Help 'slow to arrive'
Moscow and Kyiv have blamed each other for the destruction of the 1950s Soviet-era dam on the Dnipro river.
The flooding has forced several thousand civilians to leave their homes.
On Wednesday in an interview with Germany's Bild daily, Ukrainian President Volodymyr Zelenskyy expressed dismay at a lack of help from the UN and Red Cross with the fall-out from the destruction of the dam.
Flooding in Ukraine following dam destruction - in pictures
"They are not there," Mr Zelenskyy said, adding that he was "in shock because I think they are the forces who have to be there to save people's lives".
The UN's humanitarian affairs office said a team was in Kherson to coordinate relief efforts. Access to drinking water was a major concern and around 12,000 bottles of water and 10,000 purification tablets had been distributed so far.
France also said it will send aid to Ukraine.
Around 4,000 people have reportedly been evacuated from both the Russian and Ukrainian-controlled sides of the river, according to officials, although some people living in Moscow-controlled areas have complained help has been slow to arrive.
In the Moscow-controlled city of Oleshky, Lera, 19, told The Associated Press the first floor of her home was flooded.
“Everything around us is floating. People are standing on rooftops and asking for help, but no one is evacuating them,” said Lera, who declined to give her last name for fear of reprisals.
Most Russian troops fled Oleshky shortly after the dam incident, Lera said, although a military checkpoint remains, and boats with people trying to leave have come under fire from soldiers. Her claim could not be independently verified.
On Wednesday, Mr Zelenskyy met with officials on how to provide drinking water to residents in Ukrainian-held areas, as well as assess damage to wetlands, farms and other property from what he called “a crime of ecocide" and "a man-made strike on the environment, after which nature will have to recover for decades.”
He said he had shared intelligence with Ukraine's international partners a year ago showing there was a risk of the dam being targeted.
"We shared this information with our partners and all of them said yes, the risk is very high that the dam is going to be blown up," he said.
Nato Secretary General Jens Stoltenberg said he will chair a meeting on Thursday of an emergency co-ordination panel with Ukraine on the "outrageous destruction" of the dam.
The dam supplied water to the Zaporizhzhia nuclear plant and Crimea, which was annexed by Russia in 2014.
The United Nations nuclear chief Rafael Grossi said on Thursday that the watchdog intends to rotate inspectors at the Russian-held Zaporizhzhia nuclear plant next week, but that plans must be agreed with Russian and Ukrainian authorities, Russian state-owned news agency RIA reported.

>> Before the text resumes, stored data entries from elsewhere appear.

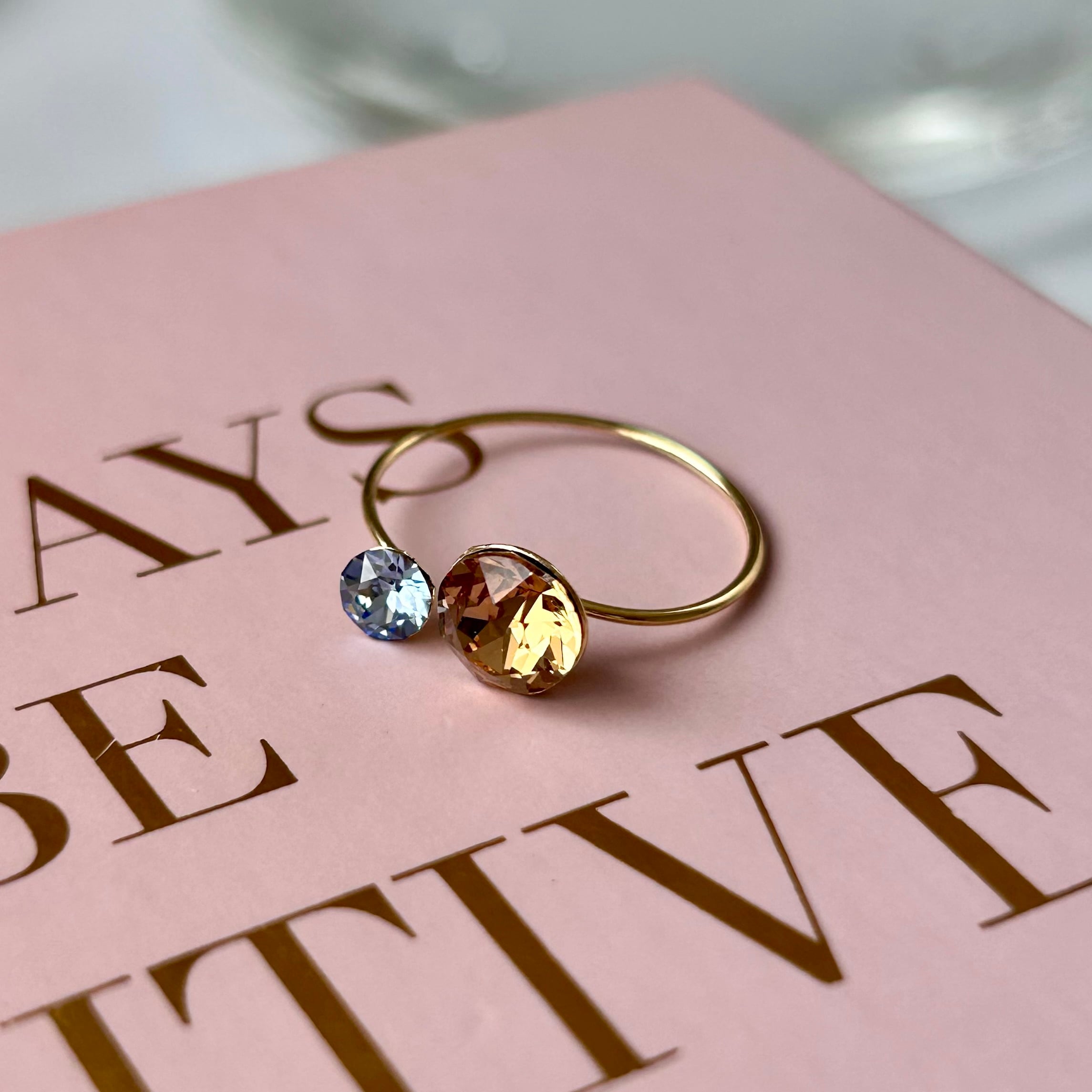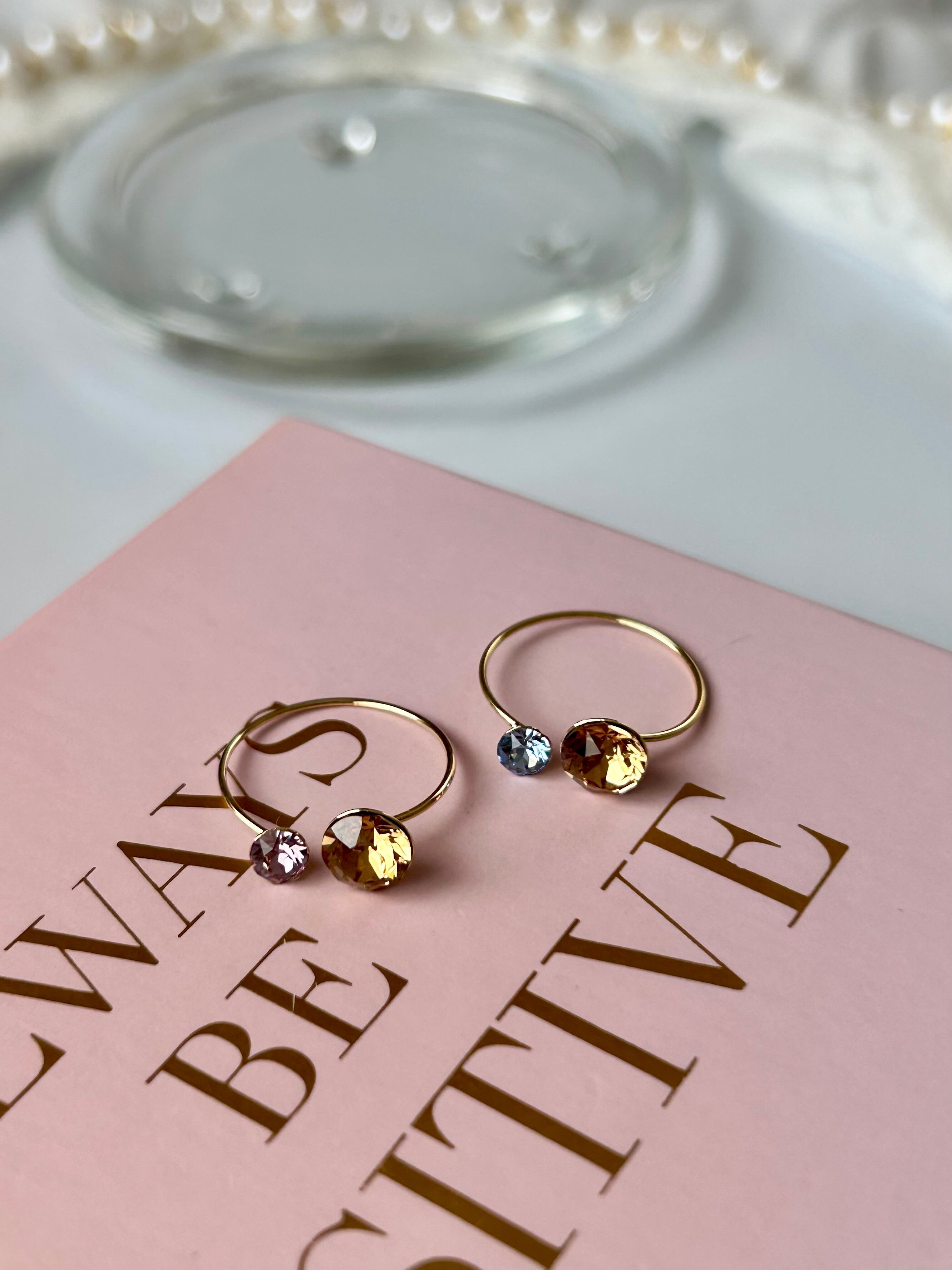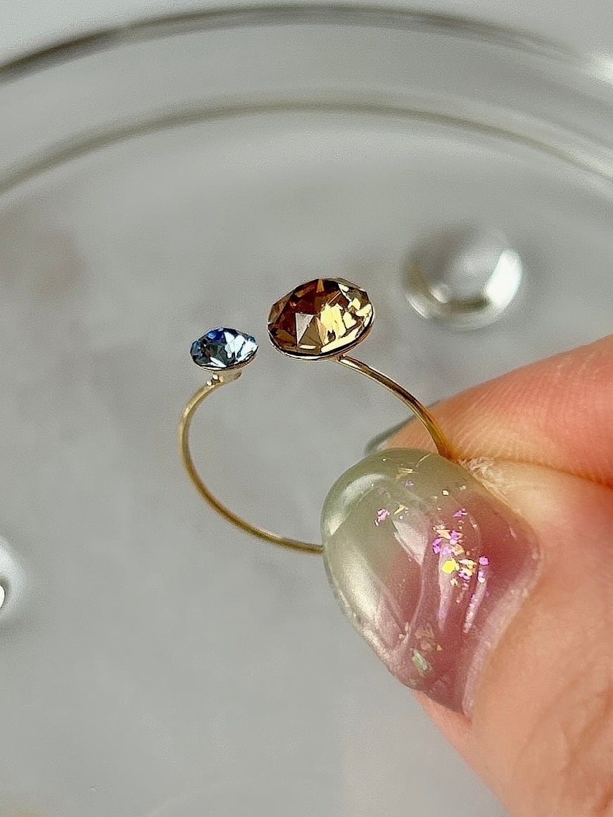 華奢なゴールドリングがクリスタルのきらめきを引き立て、デイリーにも特別なシーンにも寄り添います。
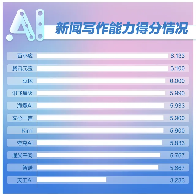 除天工AI外,各個大模型在該維度的得分差距最小,排名第一的百小應和倒數第二的智譜只差約0.5分,而資訊搜集能力維度測試中的第一二名差距就達0.5分。這說明在新聞寫作方面,不同大模型的輸出較為同質化,評委無法分清具體差距。
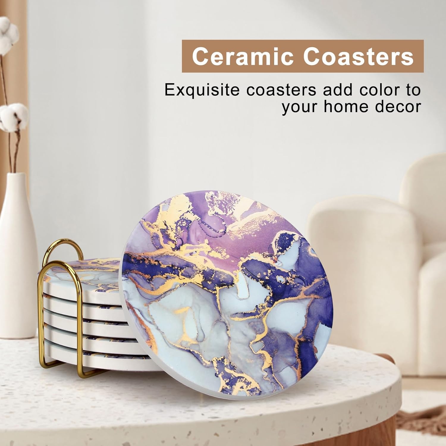 • COASTER SET WITH HOLDER: This drink marble coaster set comes with 6 ceramic stone coasters. Plus, the gold iron coaster holder keeps your coasters organized and saves space.
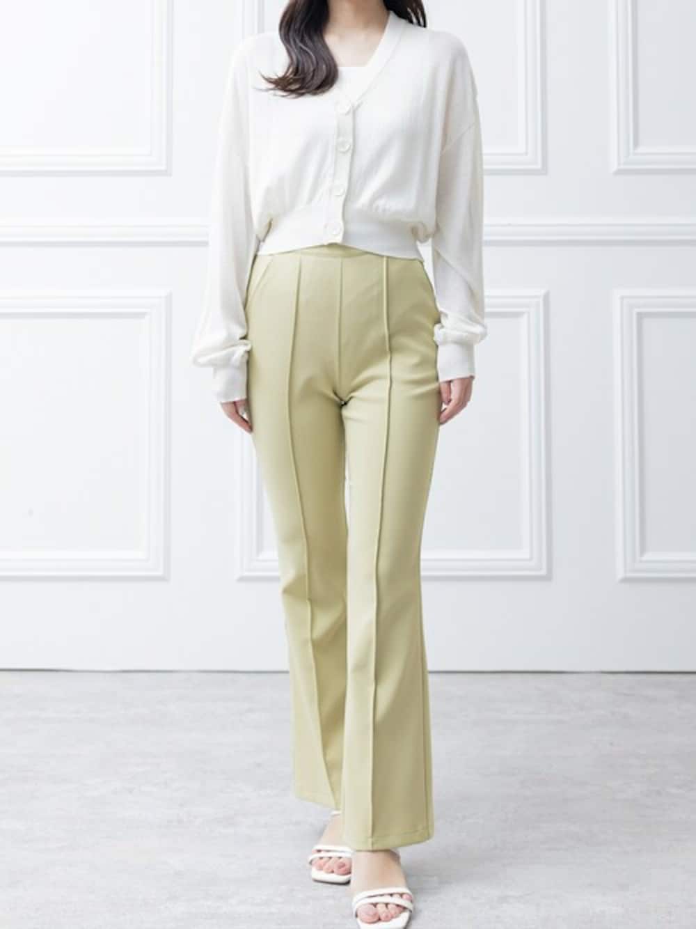 ウエストリボン6分袖ストライプブラウスとストレッチスリムカラーテーパードパンツを組み合わせたコーディネートは、 爽やかできちんと感のあるスタイルです。
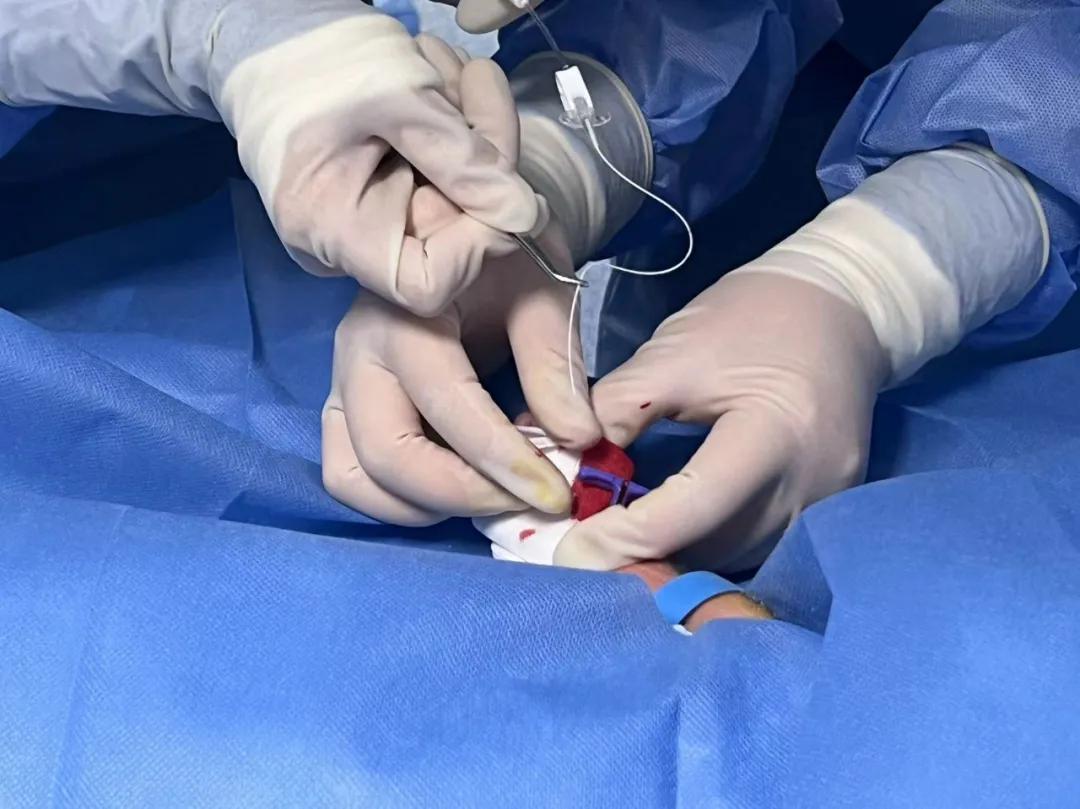 下午 16點,在護理部副主任曹慧芳的指導下,兒科李紅護士長與趙曙光精心進行置管前準備,血液凈化室呂春曉護士長和腫瘤血液科于楊波護士長全力協(xié)助,每一個細節(jié)都彰顯著團隊的默契與協(xié)作。醫(yī)護人員全神貫注地為小天使進行 PICC 置管穿刺。他們的每一個動作都精準而溫柔,仿佛在雕琢一件稀世珍寶,因為我們深知,這是守護新生命的關(guān)鍵一步。
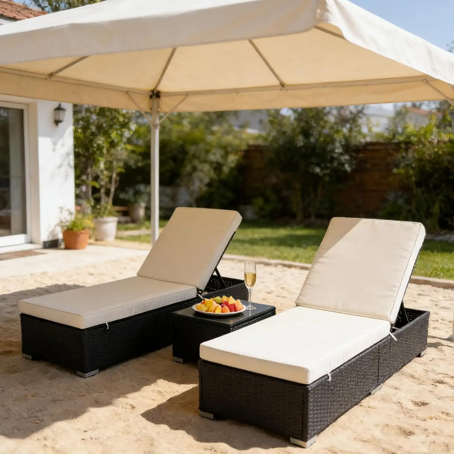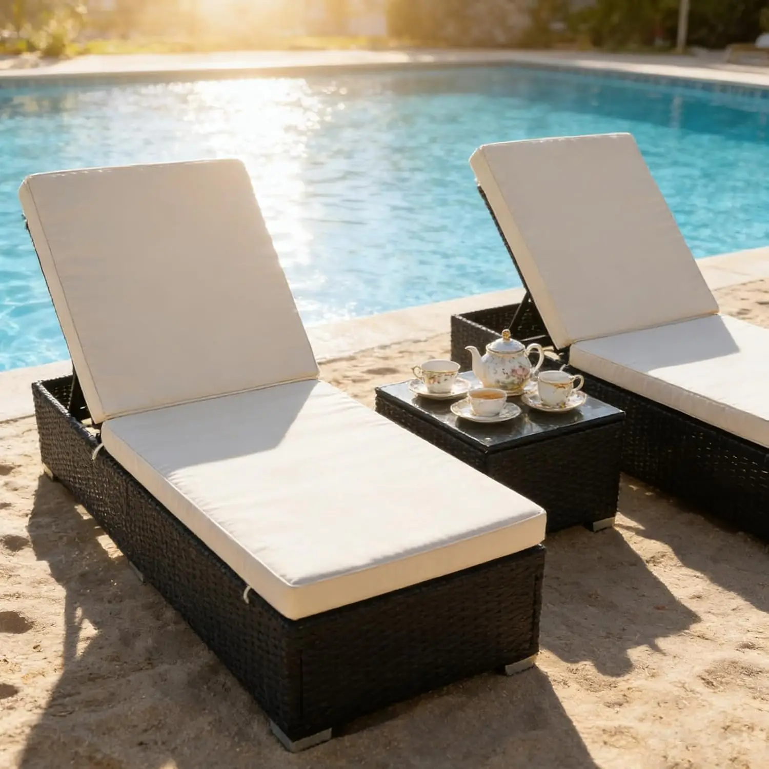 2 Wicker Lounge Chairs + Table:Our outdoor lounge chair includes two chaise lounge chairs and an outdoor table. Invite over a friend, sip tropical drinks, and tan outside in the open air.
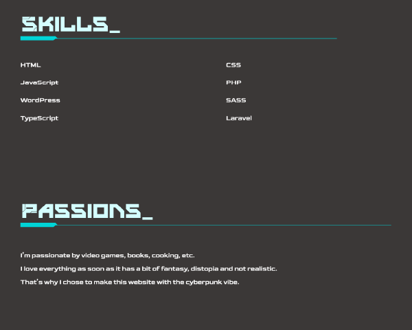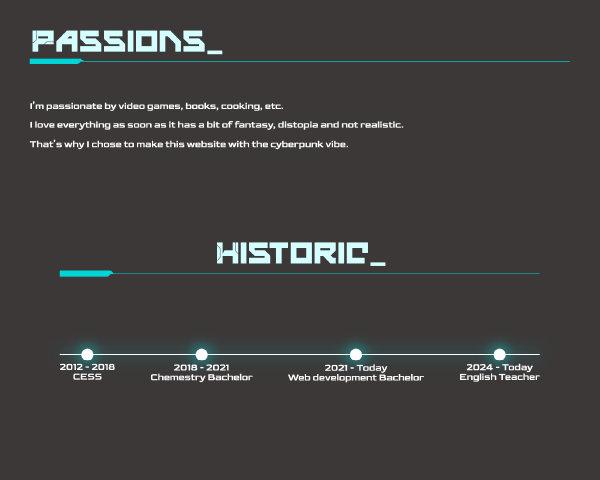 This portfolio is the result of my desire to create a professional showcase that truly reflects who I am combining thoughtful design with a strong demonstration of technical skills. Built to make a strong first impression, it highlights my web development expertise, attention to detail, and interest in the cyberpunk aesthetic.
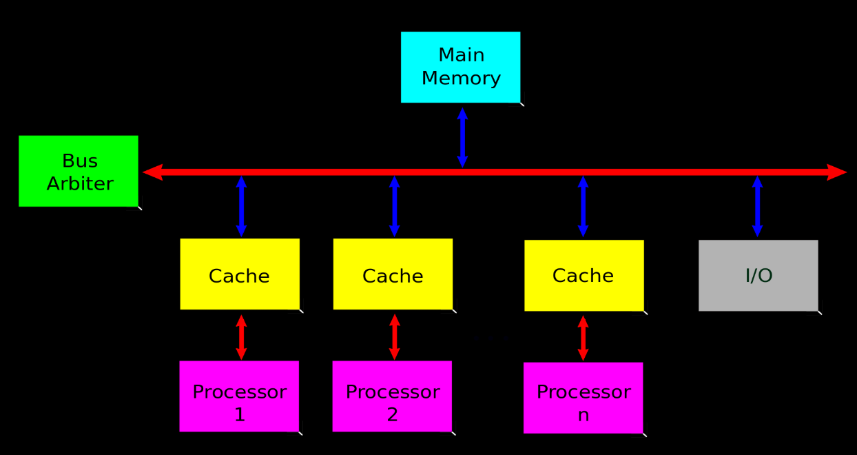 운영체제와 메모리를 공유하는 여러 프로세서가 프로그램을 수행하고 하나의 운영체제가 모든 프로세서를 관리하며 , 메모리와 입출력 버스 및 데이터 경로를 공유한다. MPP(HPC)에 비해 병렬프로그래밍이 쉽고 작업 분산이 용이하지만 확장성은 취약하다.
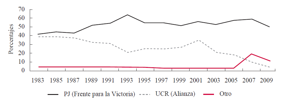 Nota: se usó el genérico “otro” en lugar de tercera fuerza porque desde 2007 la UCR perdió su posición de segunda mayoría, la cual fue ocupada primero por la corriente Peronista Federal y desde 2009 por el Interbloque Federal.
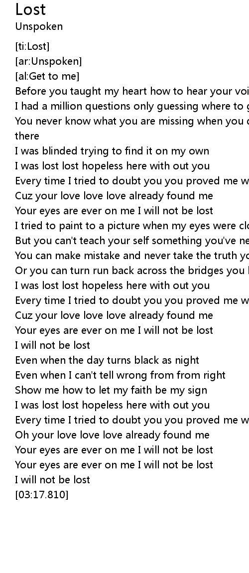| [01:40.140] | I was lost lost hopeless here with out you |
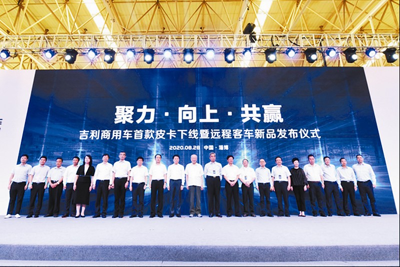 本报讯8月28日,以“聚力·向上·共赢”为主题的吉利商用车全新产品下线仪式在山东淄博基地正式拉开帷幕,活动现场两款重磅车型——首款皮卡以及新款客车首发亮相,充分诠释了吉利商用车在向上道路上的全新实力。
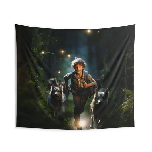 Boy Runs With Dogs At Night - Hanging Wall Tapestry
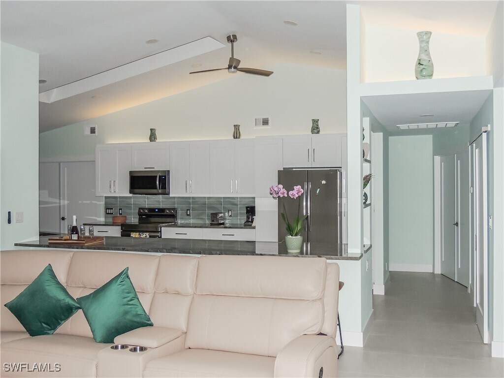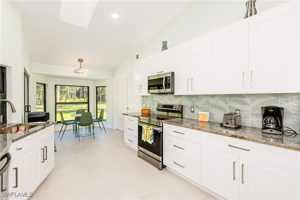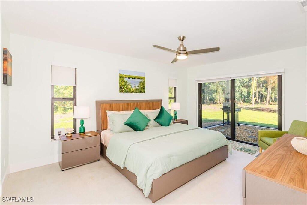 Seasonal or Long-Term Rental — Modern 3-Bedroom Home on 2.5 Acres in Naples Welcome to your private retreat! Experience the perfect blend of luxury and tranquility in this stunning,fully furnished modern home set on 2.5 lush acres—an exceptional find in the Naples area. Available for both short- and long-term rentals,this beautifully designed 2,600-square-foot residence offers contemporary comfort and refined style throughout. Step inside to discover an open-concept living space with vaulted ceilings,skylights,and abundant natural light. The chef’s kitchen serves as the heart of the home,featuring sleek stainless steel appliances,natural quartzite countertops,glass and stone accents,and high-end finishes. Designed with entertaining in mind,the kitchen flows effortlessly into the spacious great room and dining area,all tastefully styled with modern décor. The primary suite offers a peaceful escape with a spa-inspired ensuite bathroom that includes dual sinks and floating vanities. Two additional bedrooms—one with a queen bed and another with a full bed and two twins—provide comfortable accommodations for family or guests. The home also features an elegant guest bath and a screened patio with a heated outdoor shower,perfect for relaxing beneath the sun or stars. Every detail has been thoughtfully designed for both beauty and practicality. All-new hurricane-rated windows and doors provide peace of mind,while porcelain tile flooring and ceiling fans throughout enhance comfort and style. The home includes a laundry room with sink,a spacious circular driveway,and a two-car garage,with plenty of additional space for an RV,boat,or extra vehicles. Enjoy peaceful mornings surrounded by nature,take a walk through your private 2.5 acres,or unwind on the charming wooden swing. It’s a quiet country setting that still offers easy access to everything Naples has to offer. Pet-friendly with approval and free from HOA restrictions,this home provides true freedom and serenity. Landscaping and water service are maintained by the owner,ensuring a hassle-free experience. Conveniently located just half a mile from Collier Boulevard and a short drive to shopping,dining,downtown Naples,and the beach,this home perfectly combines privacy,comfort,and modern elegance.
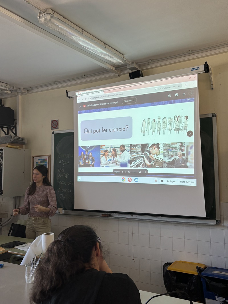 El passat 24 de gener, a l'optativa de 4t d'ESO de Biologia i geologia, vam tenir una visita molt especial gràcies a la iniciativa Ambaixad@rs de la Ciència de la Fundació Catalunya-La Pedrera. La nostra exalumna Isona Ferré, una Science Fellow i exparticipant del programa científic Bojos per la ciència, va fer-nos una xerrada per estimular les vocacions científiques del nostre alumnat científic.
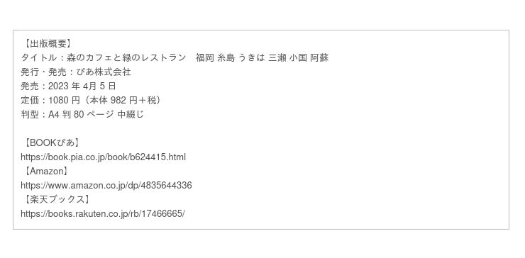 本日4月5日、ぴあ株式会社より、ぴあMOOK『森のカフェと緑のレストラン 福岡 糸島 うきは 三瀬 小国 阿蘇』が発売となりました。
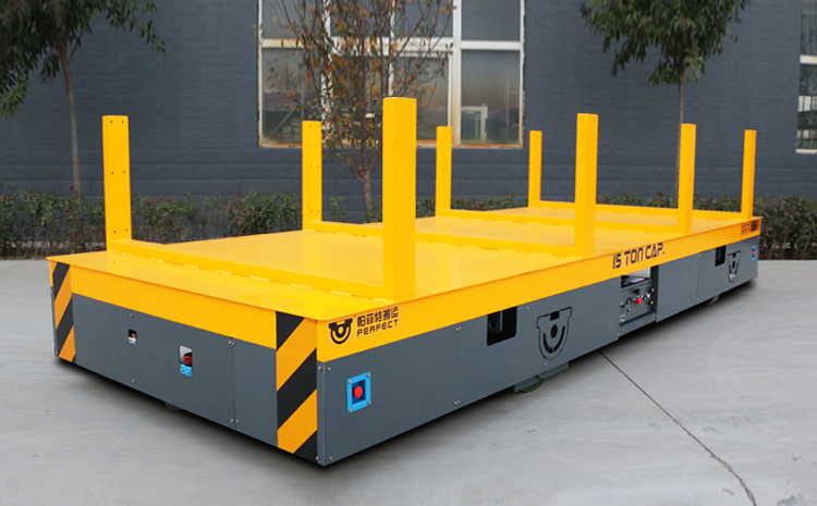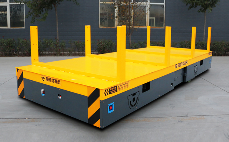 BWP系列无轨电动平车由电源、传动机构、钢结构承重架、转向系统、行走机构、控制模块以及故障诊断模块组成。通常,我们选择蓄电池、 电缆、发电机作为该系列车的电源,电源经过电器控制模块系统,给牵引电机提供电力,实现无轨转运车的启动、停止、前进、后退和转向以及其它功能。该系列车可实现360原地旋转。车上均配有安全警示和安全检测装置,遇到行人或障碍物立即报警并自动停止,配备全自动智能充电机。无轨转运车上还可以加装定位装置、夹紧装置、升降平台等其它辅助装置以满足不同场合的使用需求。该系列车可以装配PLC控制系统,实现完全自动化控制。
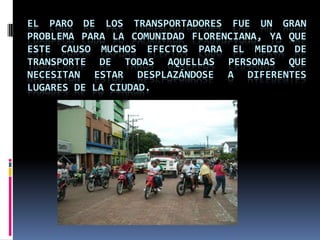 El documento describe brevemente un paro de transportadores en Florencia que causó problemas para el transporte de personas que necesitaban desplazarse por la ciudad. También resume una clase de tecnología en la que el profesor Flavio Ochoa tomó lista, presentó una nueva página web para tareas llamada SlideShare y pidió a los estudiantes crear diapositivas en PowerPoint.

Ukraine has been rapidly integrating combat jets sent from Eastern Europe to provide secure air power before launching a major counter-offensive, according to military sources.
Kyiv’s armoured brigades are now probing for a weakness in the Russian front line before striking, potentially next week, analysts said.
The latest satellite imagery and geolocated intelligence suggests Ukraine’s main incursions are occurring south of Donetsk and around the besieged town of Bakhmut.